Beef Demand “Remarkably Strong;” Economist

Beef demand has remained remarkably strong since the pandemic started in March, said Derrell Peel, Oklahoma State University Extension livestock marketing specialist, in a letter to Extension agents called Cow/Calf Corner.

The first half of 2020 saw unparalleled disruptions in beef supply and demand, Peel said.  But since July, steer and heifer slaughter has averaged 0.5% more than year-ago levels, he said.  Total fed beef production is up 3.7% year over year from July to the end of October.




Beef demand, however, continues to be challenged with restricted food service, Peel said.

Retail grocery demand remains robust as adjustments helped shift some food service supply chains to retail grocery supply chains, he said.  There are indications that retail grocery demand is being boosted again by consumers stocking up in the face of increased uncertainty.

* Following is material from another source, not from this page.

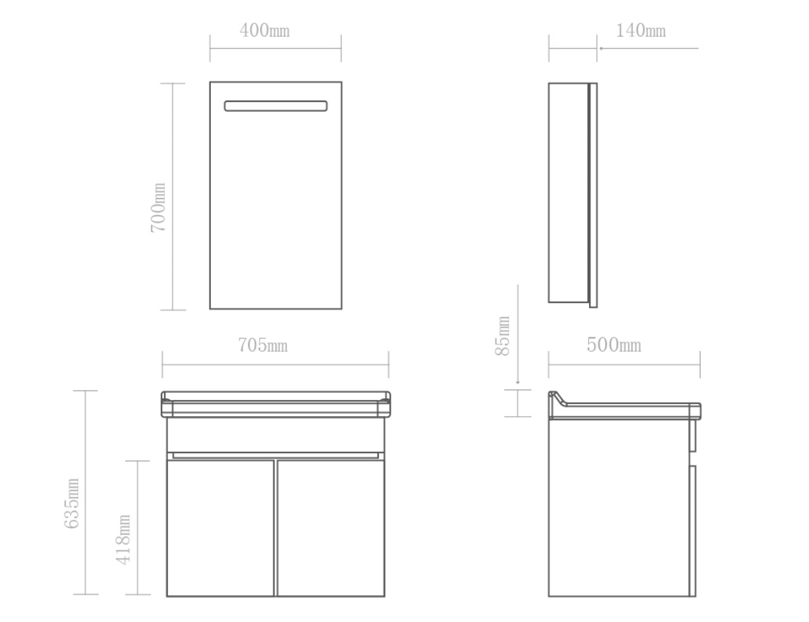 尺寸:化妝鏡 400X700X140 (mm)+浴室柜 705X500X635 (mm)

The shift from summer beef demand to winter raises additional concerns because food service faces problems with the loss of outdoor dining, worsening public health challenges, less unemployment support and ample supplies of beef, pork and poultry.

The current state of beef demand is tricky to assess, he said.  Choice boxed beef prices have increased sharply the past two weeks after falling from Labor Day through the end of October.  However, choice beef prices the past two weeks averaged 9.2% below a year ago, with the rib primal down 4.4%, the loin primal down 10.2%, the chuck primal down 8.4% and the round primal down 6.6%.




Specific wholesale cuts provide additional insight, Peel said.  Ribeyes, a key holiday item, are following close to a typical seasonal increase with current prices close to year-ago levels and up more than 9% the last two weeks.

Other food service-dependent beef products are less encouraging, he said.  Tenderloins currently average 25.6% below year ago levels and are down 1.5% in the last two weeks.  Sirloin top butt is up 6.0% the last two weeks but down 18.4% year over year.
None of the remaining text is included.